Cybersecurity researchers and the U.S. Cyber Command are warning users about a decade-old buffer overflow bug in sudo that can grant root access to malicious users with low level access to systems.
The vulnerability, discovered by Qualys and nicknamed “Baron Samedit,” affects all versions of Linux Qualys has tested against. The glitch allows users, even those off of sudoers list, to gain root access. It has been patched in the latest release of sudo.
“Any user – even the lowest of the low privileged – can access root,” said Mehul Revankar, vice president of product management and engineering at Qualys.
Though other Sudo vulnerabilities have been found in the past, it’s rare that a bug affects any account, rather than accounts meeting specific conditions.
“We expect millions of systems to be affected,” said Revankar.

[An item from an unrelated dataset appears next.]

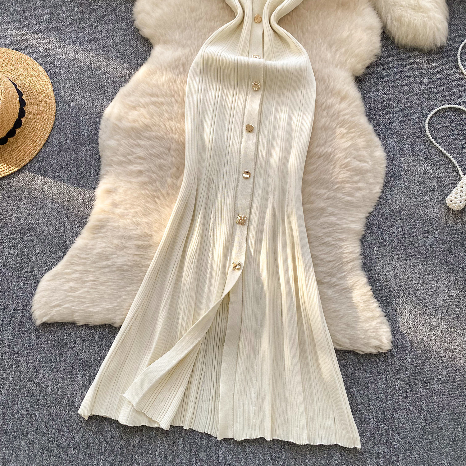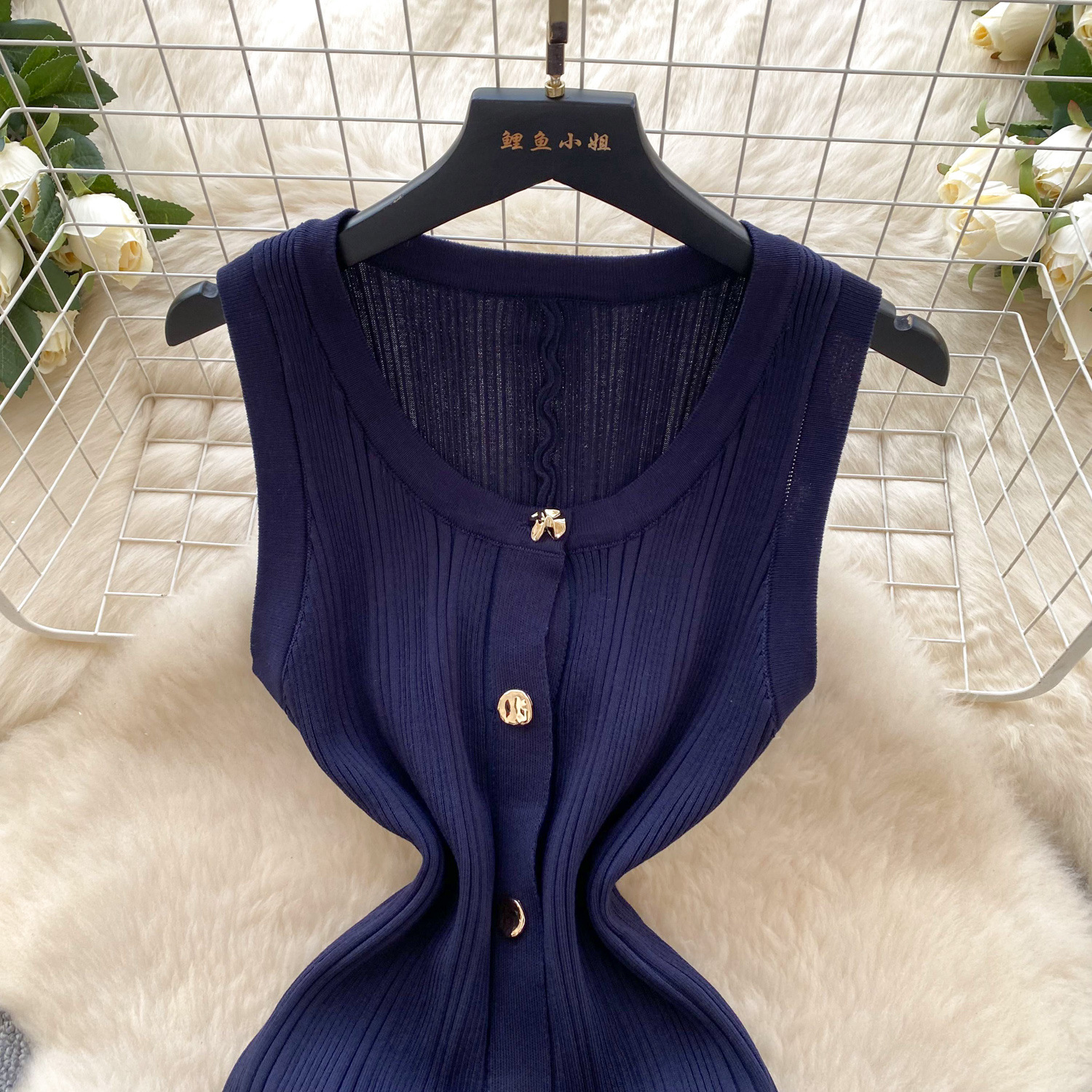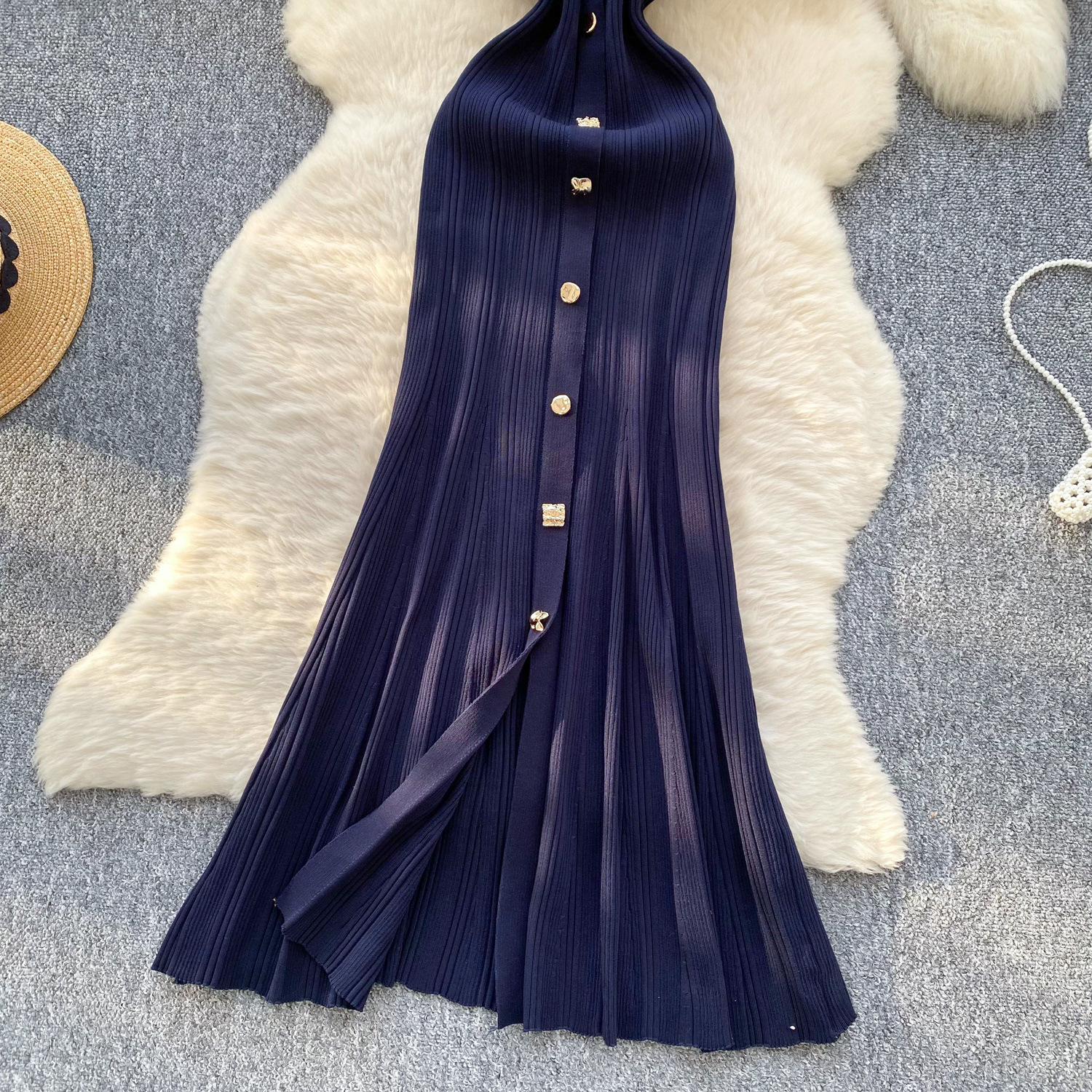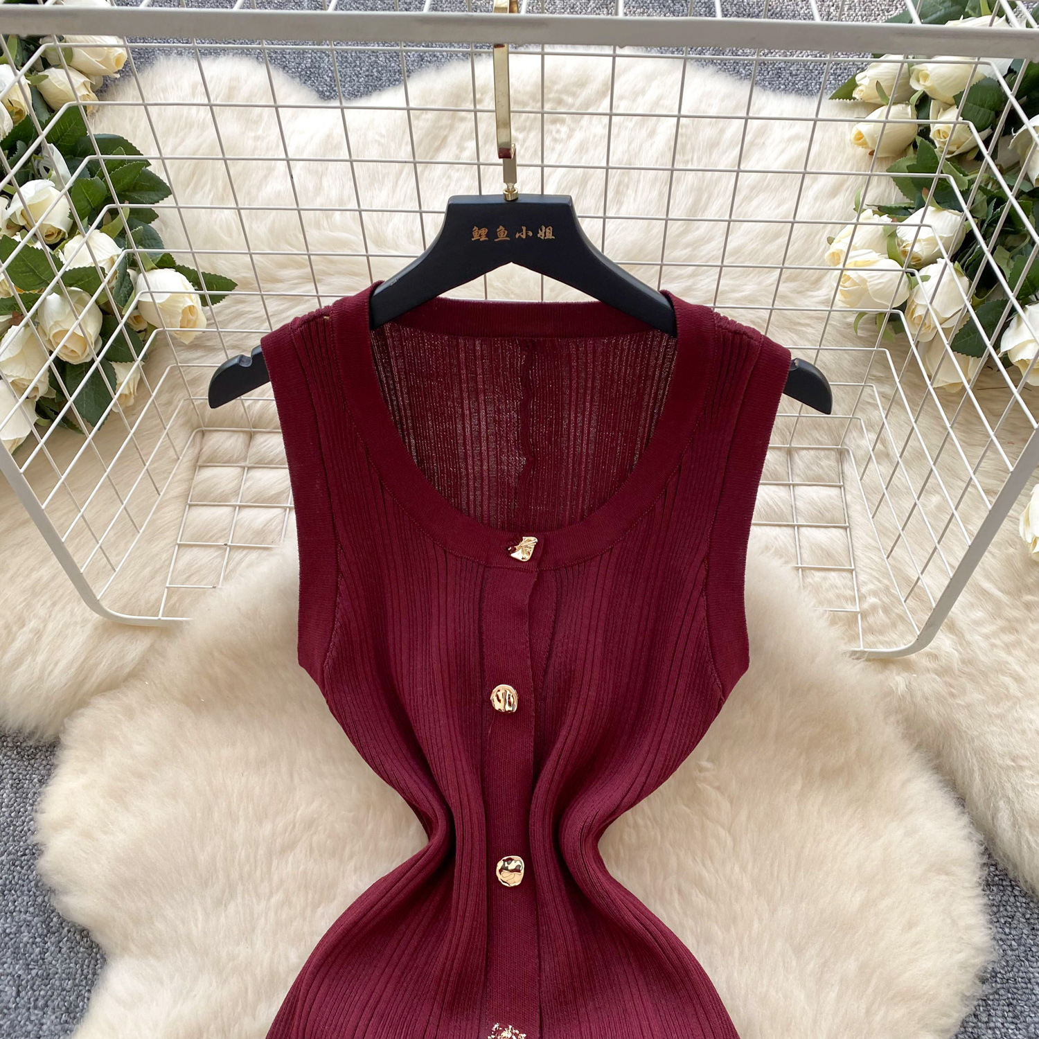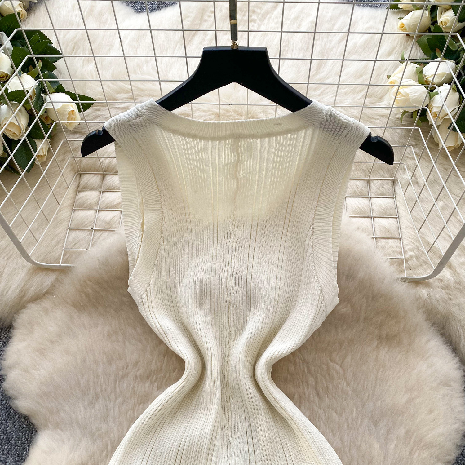 Copy| Product Name | Women's Round Neck Sleeveless Knit Slim Fit Metal Button Tight-Fitting Bodycon Long Dress |
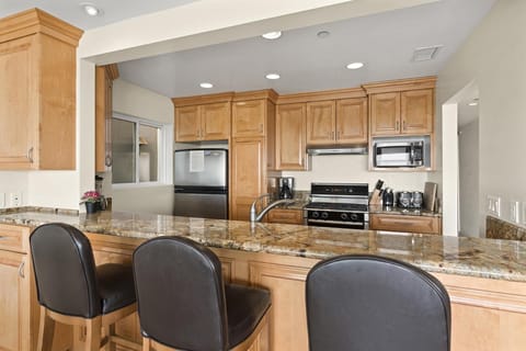 - Barstool seating for 3 at breakfast bar

The name is a play on Voodoo loa (and occasional James Bond villain) Baron Samedi and sudoedit. Samedi is the top-hatted master of the dead, preventing the buried from returning as zombies. Sudoedit allows users with lesser privileges edit files.
U.S. Cyber Command and others have rushed to recommend Unix and Linux users update systems.
“We recommend applying patches as soon as available. This is a far more dangerous #Sudo vulnerability than seen in the rescent [sic] past,” tweeted CYBERCOM midday Wednesday.
Revankar said that the reason the vulnerability went under the radar since being introduced in 2011 was likely that it requires two vulnerabilities to operate, and people who found only one may not have seen the full picture.
“It’s one of the most beautiful bugs I’ve seen,” said Revankar. “And if it fell into the wrong hands, very bad things could happen.”